*Your assignment:*
Under this line are records; the part from the line containing "スチール枠に穴をあけて、そのあとにタップ切りしてからビス固定" through the line containing "高铁宿迁站地下停车场原设置P" should be repeated exactly. Please exclude pictures.

(Beginning of Supplied records)

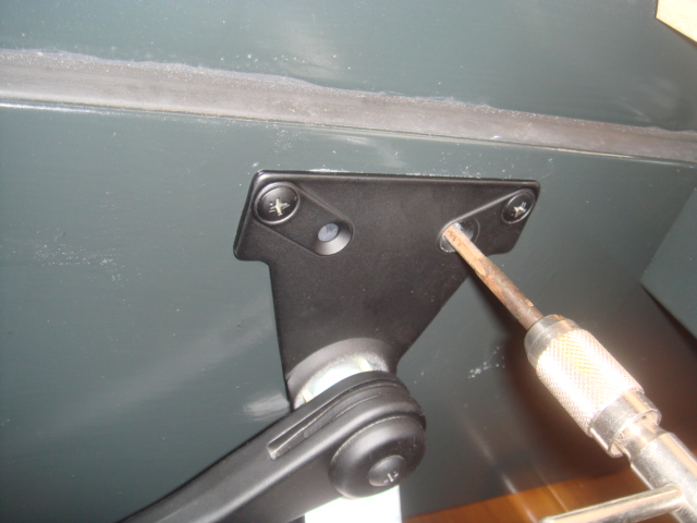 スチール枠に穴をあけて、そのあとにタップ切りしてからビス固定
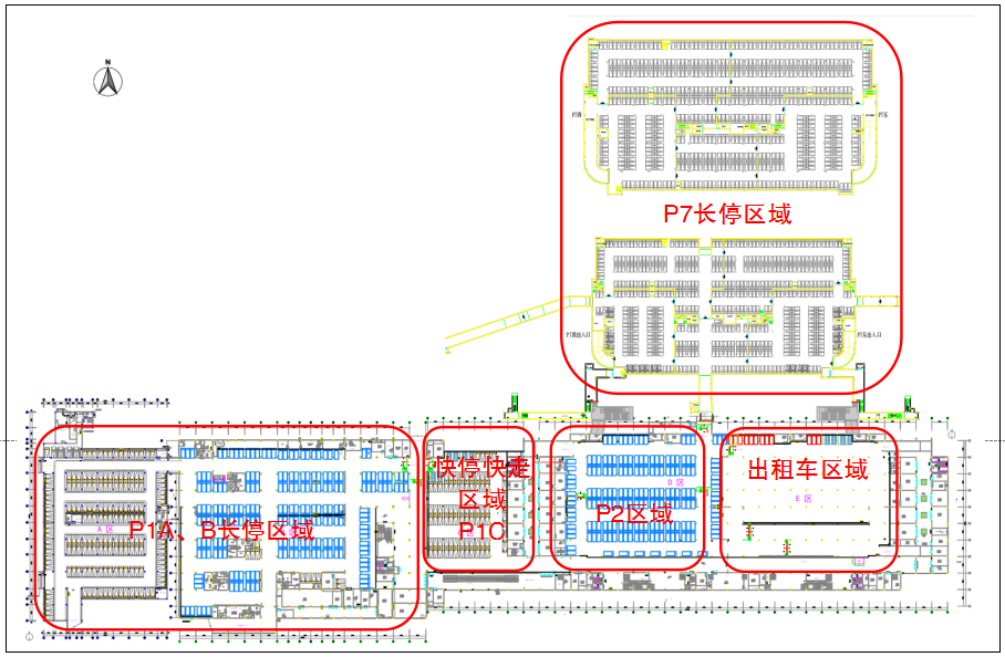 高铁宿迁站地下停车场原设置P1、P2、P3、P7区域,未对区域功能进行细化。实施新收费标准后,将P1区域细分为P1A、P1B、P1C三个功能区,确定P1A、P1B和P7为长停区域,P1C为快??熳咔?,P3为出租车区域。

(End of Supplied records)
(Beginning of Supplied records)

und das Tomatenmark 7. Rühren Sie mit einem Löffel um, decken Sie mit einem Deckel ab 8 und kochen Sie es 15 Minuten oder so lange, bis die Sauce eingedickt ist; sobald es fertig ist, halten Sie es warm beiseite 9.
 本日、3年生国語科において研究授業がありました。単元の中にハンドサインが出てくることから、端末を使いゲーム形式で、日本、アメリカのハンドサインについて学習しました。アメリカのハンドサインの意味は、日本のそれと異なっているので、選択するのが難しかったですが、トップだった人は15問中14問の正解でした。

(End of Supplied records)
(Beginning of Supplied records)

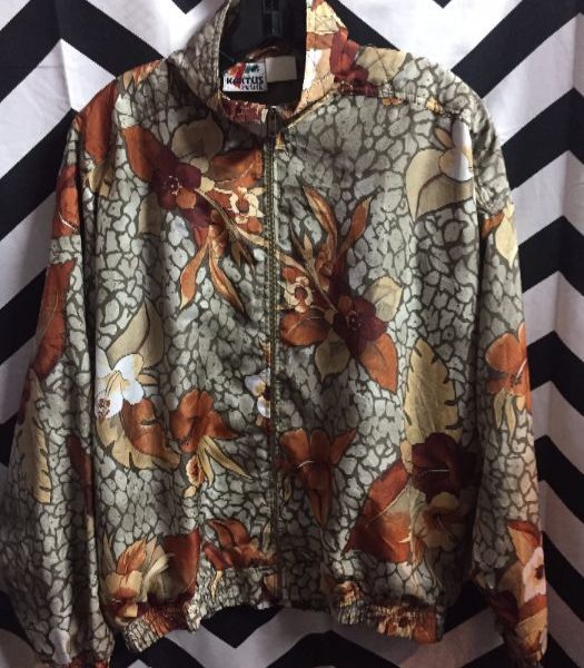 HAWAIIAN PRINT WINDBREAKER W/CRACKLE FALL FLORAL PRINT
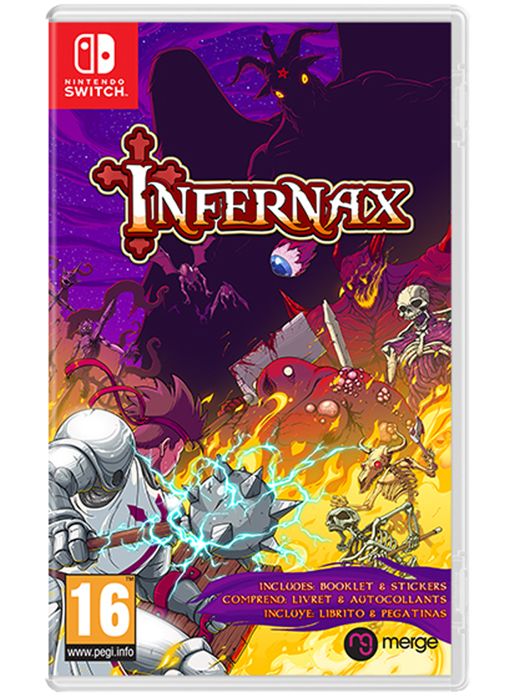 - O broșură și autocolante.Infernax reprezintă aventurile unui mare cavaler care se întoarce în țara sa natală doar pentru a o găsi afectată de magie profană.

(End of Supplied records)

*Exercise result:*
 スチール枠に穴をあけて、そのあとにタップ切りしてからビス固定
 高铁宿迁站地下停车场原设置P1、P2、P3、P7区域,未对区域功能进行细化。实施新收费标准后,将P1区域细分为P1A、P1B、P1C三个功能区,确定P1A、P1B和P7为长停区域,P1C为快??熳咔?,P3为出租车区域。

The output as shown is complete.